◆ ABOUT THIS TASK ◆
Wherever an image appears in the records, exclude it, and reproduce everything else exactly.
+---+
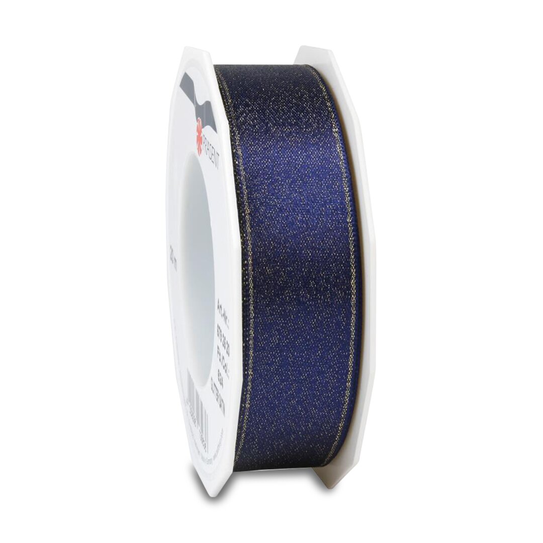 Band "Glitter Satin", dunkelblau- gold, 25 mm
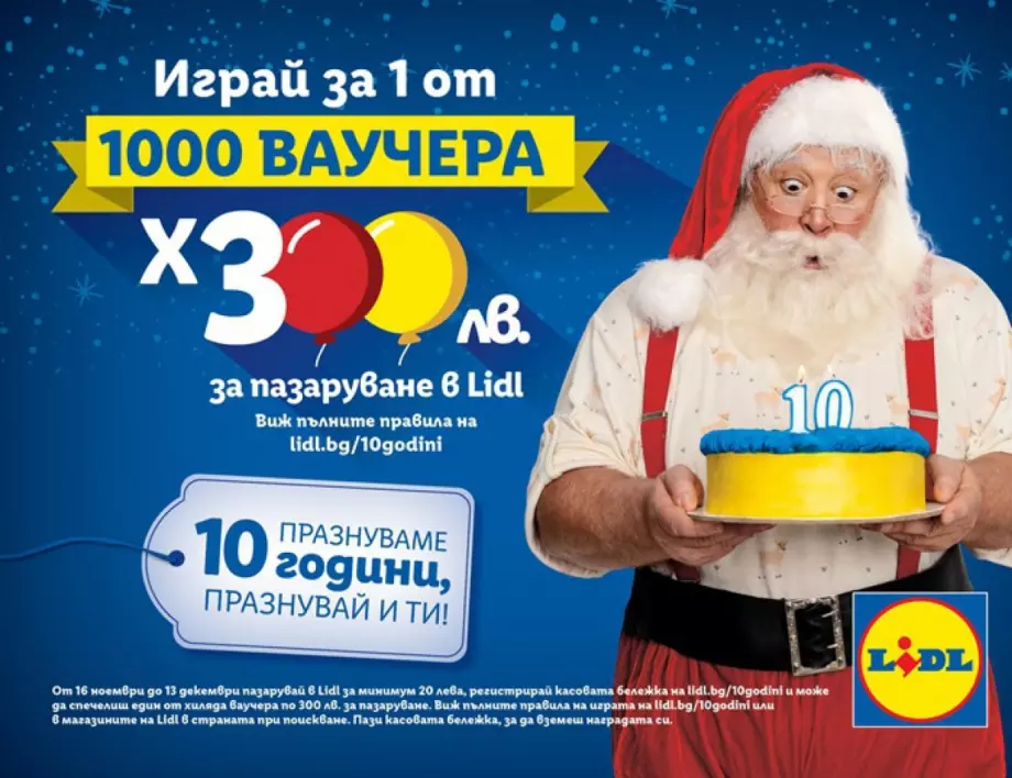 Това е още един подарък от веригата, която по повод 10-годишния си юбилей, наскоро предостави на своите клиенти мобилното приложение Lidl Plus. С него печели всеки дори да не участва в томболата за подаръчни ваучери. Освен Lidl Plus офертите и купоните, предлагащи различен тип отстъпки, апликацията дава възможност на всички, които го използват при пазаруване да получат скреч карта, предоставяща допълнителна възможност за купон с отстъпка. Пълните правила на предпразничната томбола може да откриете на lidl.bg/10godini, а повече за приложението може да научите на: https://www.lidl.bg/lidl-plus
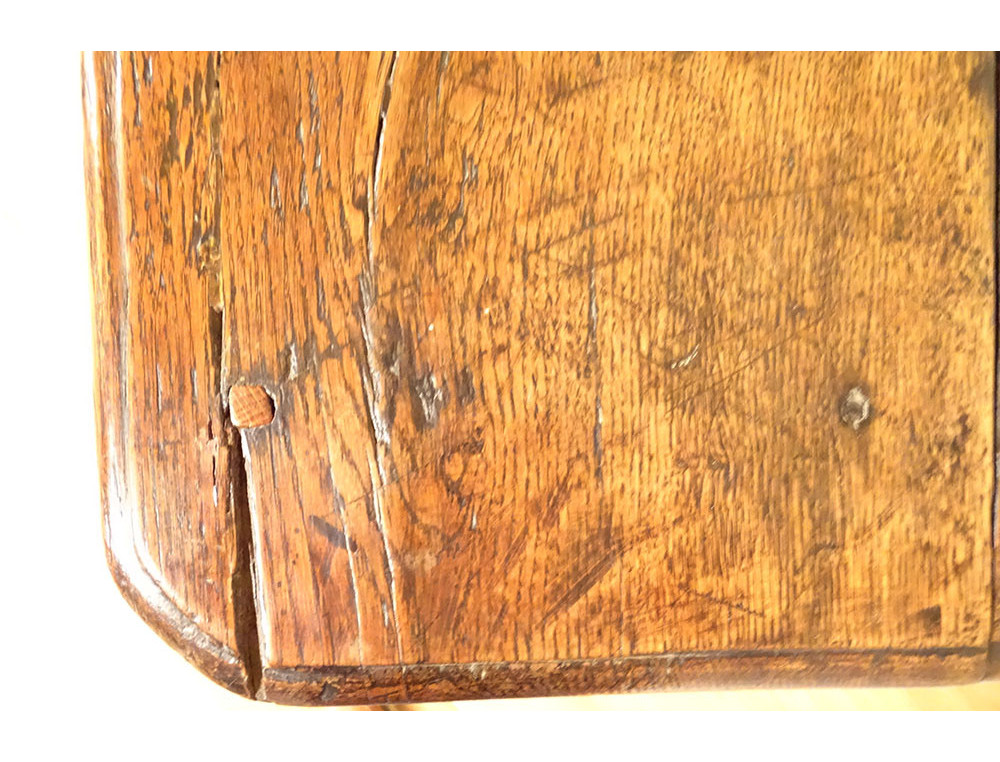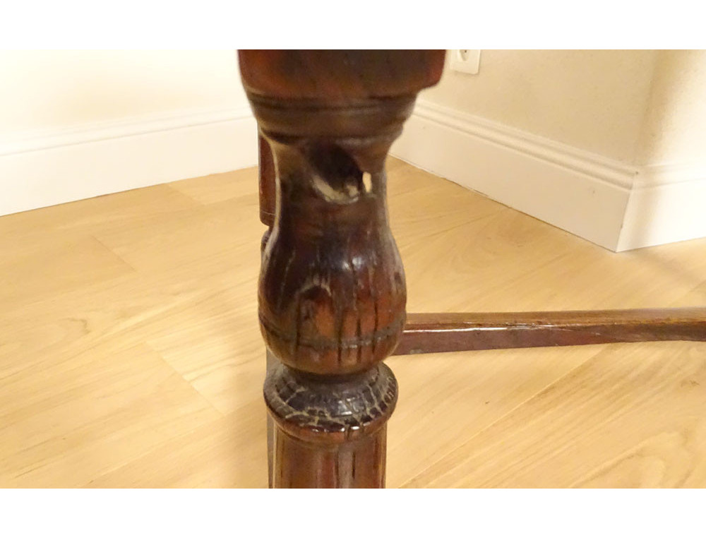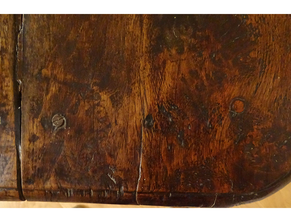 Please note: cracks on the tabletop, some damage and restorations to the wood, wear and tear from age, see photos.
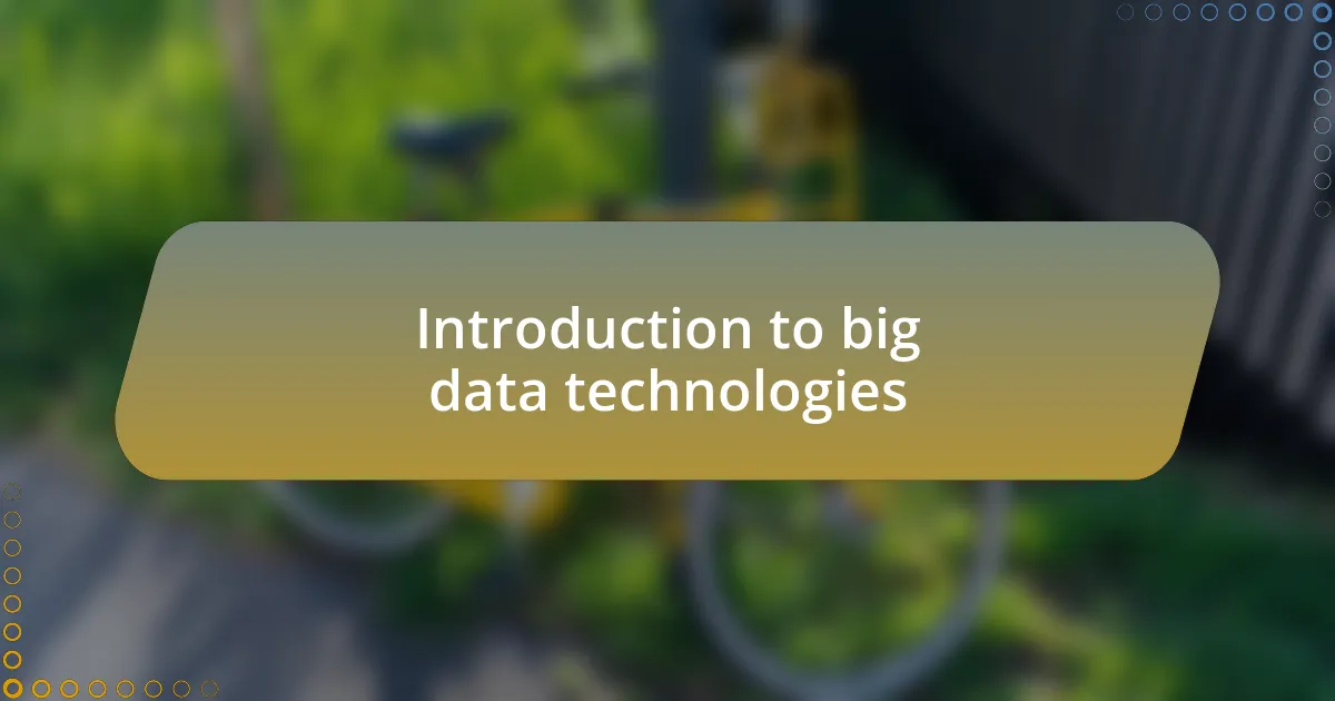 Big data technologies have revolutionized how we process and analyze vast amounts of information. I remember the first time I realized the potential of big data—it was during a project where we used real-time traffic data to optimize routes for delivery trucks. The ability to leverage such extensive datasets not only improved efficiency but also made me understand the true power of data-driven decision-making.
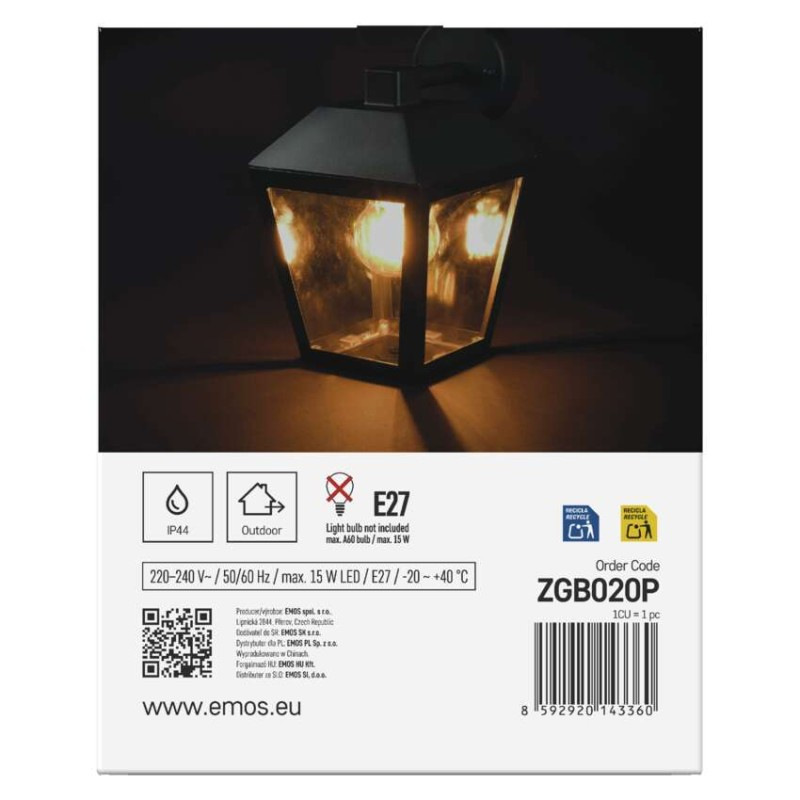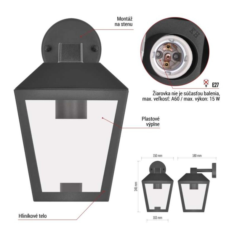 Záhradné nástenné svietidlo ADENIA, 18 x 15 x 24,5 cm, 1 x E27, 15 W
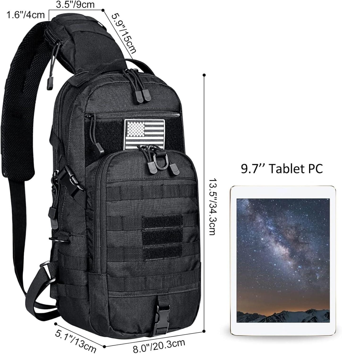 G4Free EDC Bag Tactical Sling Bag Backpack Molle Chest Shoulder Assault Pack Rectangular Outdoor Daypack(Black)
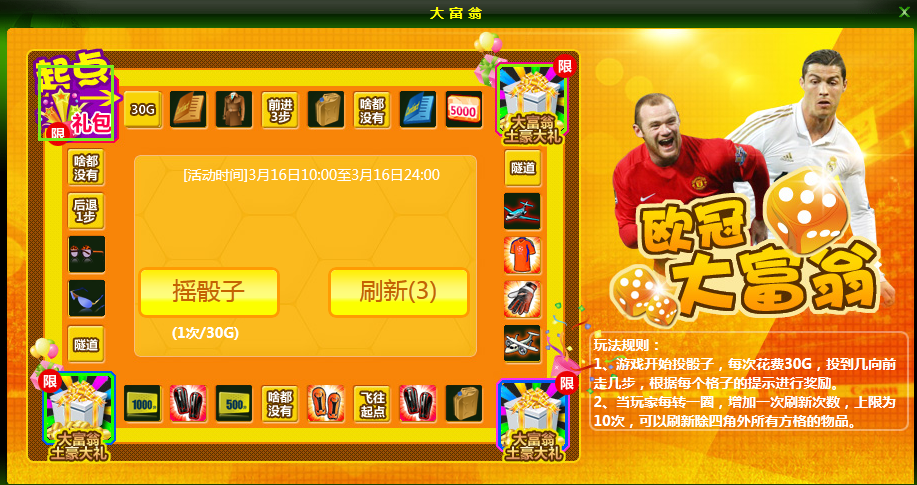 活动内容:在活动期间内,玩大富翁仅需消耗30金币即可掷1次骰子,骰子显示几点就走几步。各种妙礼遍布在你的大富翁梦想之路上。大富翁角落大奖除了起点礼包,其余三个角落大奖每个角都有1-9级合同,高级教练合同10级,巅峰回豆卡*5,白金钥匙*10,回豆卡*8,立即返还卡*30,成长证书*4。
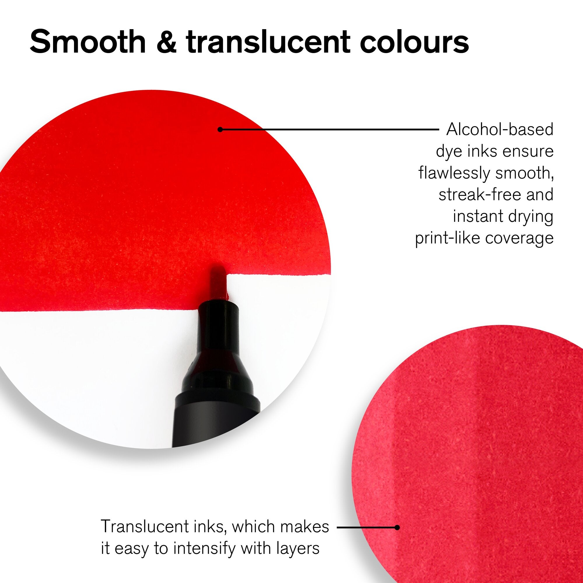 High quality alcohol based inks give incredible tonal range and vibrancy with flawless, streak-free coverage. Promarker colours can be layered or blended and can be used on paper, acetate, glass, wood, or plastic. Perfect for all your drawing, sketching, illustration, and craft needs.
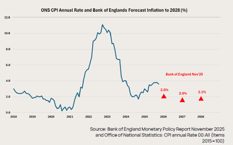 Costs continue to rise across the construction industry, particularly for SMEs, so the announcement to pause the land fill tax reform will be strongly welcomed. This policy reversal should help ease cost pressures in the residential and infrastructure sectors, as cost effective waste management can continue to exist. In addition, the £1.5bn fund to support training will also ease cost pressures and may encourage companies to hire. Overtime, this could eventually alleviate the ongoing labour shortages. This is an ongoing concern with the ONS reporting that the UK construction workforce has decreased to its lowest number in nearly 25 years in 3Q2025 to 2,054,009 workers. However the increase in minimum wage, along with the delay in increasing the National Insurance threshold, will place additional financial strain on the construction industry by increasing their overheads. Furthermore, the introduction of road tax on EVs could significantly impact companies that have transitioned their fleets to EVs/ Hybrids, adding further pressure to their operating costs.
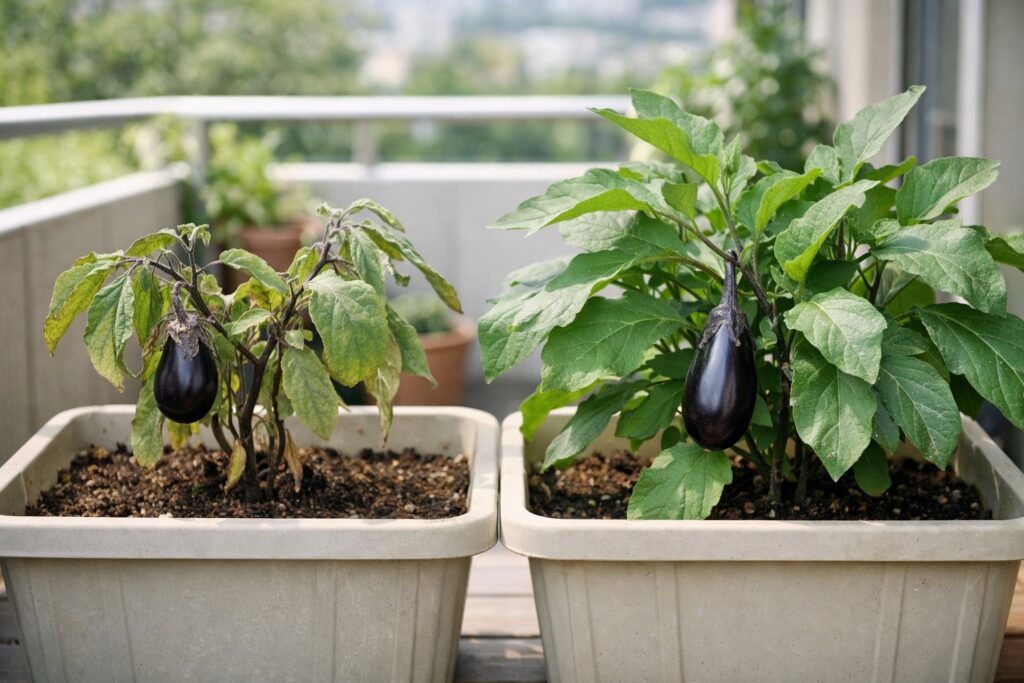 ナスは実を付けるたびに体力を消耗し、プランターは環境の変化(乾燥・肥料切れ)が早いからです。逆に言うと、少しのズレに早く気づければ、簡単に立て直せます。
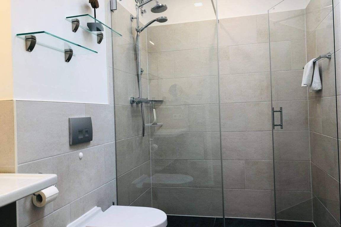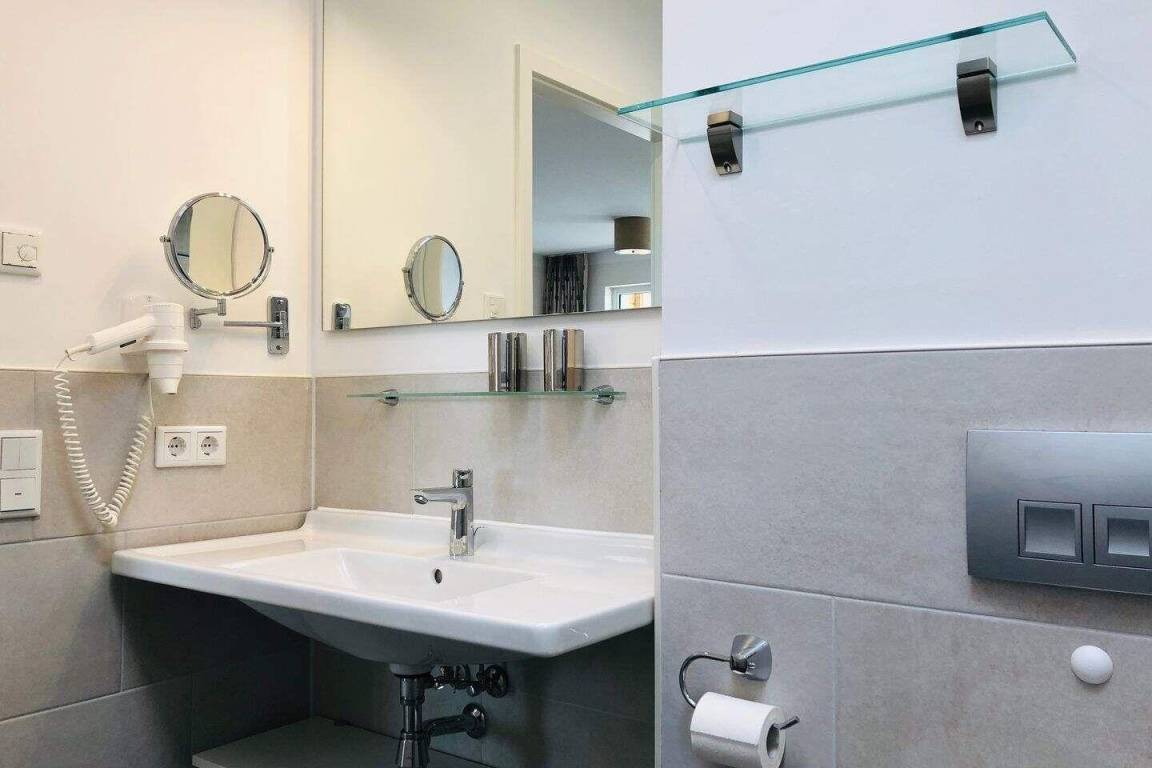 Im geräumigen Bad befinden sich eine großzügige, ebenerdige Regendusche, ein Handtuchtrockner, ein Waschtisch mit Föhn und Kosmetikspiegel.
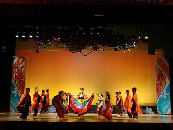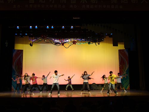 接着比赛正式开始,在一首首优美动人的旋律中,各参赛队的同学们尽情表演,感受着艺术的独特魅力。在整个的音乐剧表演过程中,大家投入的表演不时赢得现场观众的阵阵掌声,使得现场气氛不断升温。真实朴实的情节和动感的舞姿展现着青春无悔的记忆和独特的风采;爱的谎言编织成了满载纯真爱心的摇篮,体现着“灾难无情人有情”的爱的赞歌;小理想与最初的理想谱写出了美妙的理想进行曲,告诫着人们永远不要停止追逐梦想的脚步。在各参赛队比赛之后,材料学院的同学们为大家献上了独具民族特色的舞蹈—《七月的火把节》,舞姿热情洋溢,激情四射,体现着民族艺术的独特风采。
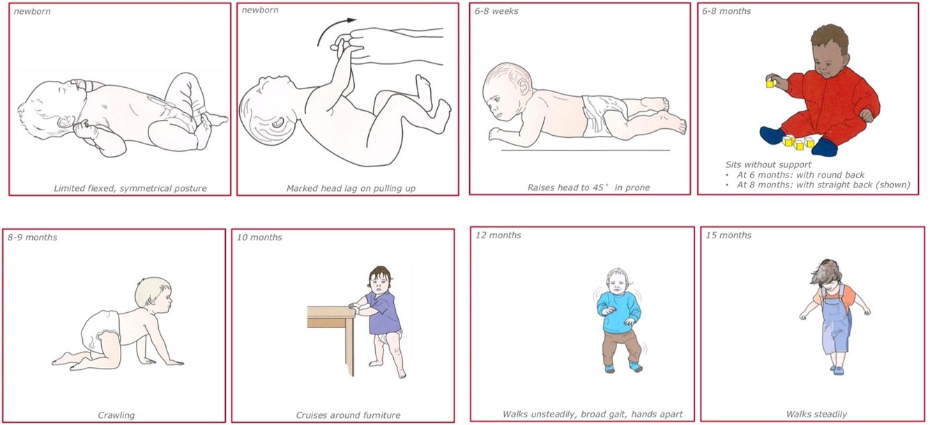 What is the normal development milestones of a 18 months old?
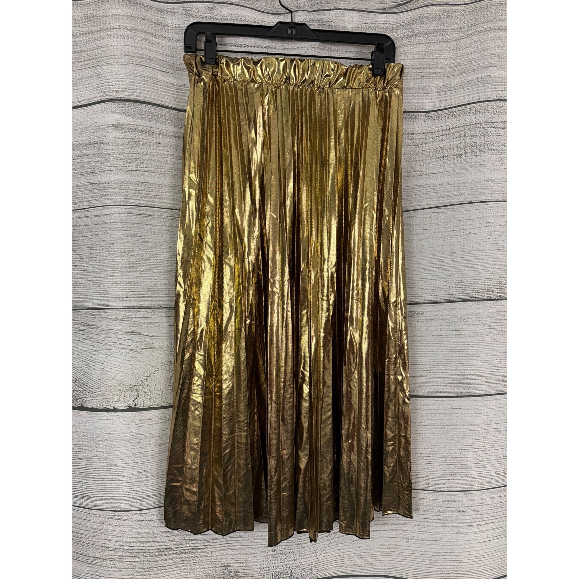 Sans Souci Gold Metallic Pleated Midi Skirt Size L
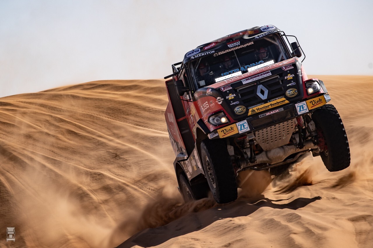 Op de 410 kilometer lange proef stuurde Martin de Renault Sherpa zonder problemen over de piste. De gevarieerde route bracht de rijders vandaag in het Lege Kwartier. In het gebied van 650.000 vierkante kilometer, dat zich uitstrekt over Saoedi-Arabië, Jemen, Oman en de Verenigde Arabische Emiraten, ligt de grootste ononderbroken zandwoestijn ter wereld. Naast zand en duinen kregen de rijders ook weer stenen voor de kiezen. ,,Wij hebben ons tempo iets aangepast en wilden geen verdere schade oplopen. We hebben het hoofd er goed bijgehouden,’’ aldus Martin. ,,We vertrokken vanochtend uit het bivak met een lager dat kapot was. Dat was nog van maandag. Vanochtend was er geen tijd om het te repareren. Het lager was lek en daarom moesten we om de 100 kilometer stoppen om olie bij te vullen. Dus met die wetenschap ben ik niet ontevreden over het resultaat van vandaag.’’
+---+
◆ YOUR RESPONSE ◆
 Band "Glitter Satin", dunkelblau- gold, 25 mm
 Това е още един подарък от веригата, която по повод 10-годишния си юбилей, наскоро предостави на своите клиенти мобилното приложение Lidl Plus. С него печели всеки дори да не участва в томболата за подаръчни ваучери. Освен Lidl Plus офертите и купоните, предлагащи различен тип отстъпки, апликацията дава възможност на всички, които го използват при пазаруване да получат скреч карта, предоставяща допълнителна възможност за купон с отстъпка. Пълните правила на предпразничната томбола може да откриете на lidl.bg/10godini, а повече за приложението може да научите на: https://www.lidl.bg/lidl-plus
 Please note: cracks on the tabletop, some damage and restorations to the wood, wear and tear from age, see photos.
 Big data technologies have revolutionized how we process and analyze vast amounts of information. I remember the first time I realized the potential of big data—it was during a project where we used real-time traffic data to optimize routes for delivery trucks. The ability to leverage such extensive datasets not only improved efficiency but also made me understand the true power of data-driven decision-making.
 Záhradné nástenné svietidlo ADENIA, 18 x 15 x 24,5 cm, 1 x E27, 15 W
 G4Free EDC Bag Tactical Sling Bag Backpack Molle Chest Shoulder Assault Pack Rectangular Outdoor Daypack(Black)
 活动内容:在活动期间内,玩大富翁仅需消耗30金币即可掷1次骰子,骰子显示几点就走几步。各种妙礼遍布在你的大富翁梦想之路上。大富翁角落大奖除了起点礼包,其余三个角落大奖每个角都有1-9级合同,高级教练合同10级,巅峰回豆卡*5,白金钥匙*10,回豆卡*8,立即返还卡*30,成长证书*4。
 High quality alcohol based inks give incredible tonal range and vibrancy with flawless, streak-free coverage. Promarker colours can be layered or blended and can be used on paper, acetate, glass, wood, or plastic. Perfect for all your drawing, sketching, illustration, and craft needs.
 Costs continue to rise across the construction industry, particularly for SMEs, so the announcement to pause the land fill tax reform will be strongly welcomed. This policy reversal should help ease cost pressures in the residential and infrastructure sectors, as cost effective waste management can continue to exist. In addition, the £1.5bn fund to support training will also ease cost pressures and may encourage companies to hire. Overtime, this could eventually alleviate the ongoing labour shortages. This is an ongoing concern with the ONS reporting that the UK construction workforce has decreased to its lowest number in nearly 25 years in 3Q2025 to 2,054,009 workers. However the increase in minimum wage, along with the delay in increasing the National Insurance threshold, will place additional financial strain on the construction industry by increasing their overheads. Furthermore, the introduction of road tax on EVs could significantly impact companies that have transitioned their fleets to EVs/ Hybrids, adding further pressure to their operating costs.
 ナスは実を付けるたびに体力を消耗し、プランターは環境の変化(乾燥・肥料切れ)が早いからです。逆に言うと、少しのズレに早く気づければ、簡単に立て直せます。
 Im geräumigen Bad befinden sich eine großzügige, ebenerdige Regendusche, ein Handtuchtrockner, ein Waschtisch mit Föhn und Kosmetikspiegel.
 接着比赛正式开始,在一首首优美动人的旋律中,各参赛队的同学们尽情表演,感受着艺术的独特魅力。在整个的音乐剧表演过程中,大家投入的表演不时赢得现场观众的阵阵掌声,使得现场气氛不断升温。真实朴实的情节和动感的舞姿展现着青春无悔的记忆和独特的风采;爱的谎言编织成了满载纯真爱心的摇篮,体现着“灾难无情人有情”的爱的赞歌;小理想与最初的理想谱写出了美妙的理想进行曲,告诫着人们永远不要停止追逐梦想的脚步。在各参赛队比赛之后,材料学院的同学们为大家献上了独具民族特色的舞蹈—《七月的火把节》,舞姿热情洋溢,激情四射,体现着民族艺术的独特风采。
 What is the normal development milestones of a 18 months old?
 Sans Souci Gold Metallic Pleated Midi Skirt Size L
 Op de 410 kilometer lange proef stuurde Martin de Renault Sherpa zonder problemen over de piste. De gevarieerde route bracht de rijders vandaag in het Lege Kwartier. In het gebied van 650.000 vierkante kilometer, dat zich uitstrekt over Saoedi-Arabië, Jemen, Oman en de Verenigde Arabische Emiraten, ligt de grootste ononderbroken zandwoestijn ter wereld. Naast zand en duinen kregen de rijders ook weer stenen voor de kiezen. ,,Wij hebben ons tempo iets aangepast en wilden geen verdere schade oplopen. We hebben het hoofd er goed bijgehouden,’’ aldus Martin. ,,We vertrokken vanochtend uit het bivak met een lager dat kapot was. Dat was nog van maandag. Vanochtend was er geen tijd om het te repareren. Het lager was lek en daarom moesten we om de 100 kilometer stoppen om olie bij te vullen. Dus met die wetenschap ben ik niet ontevreden over het resultaat van vandaag.’’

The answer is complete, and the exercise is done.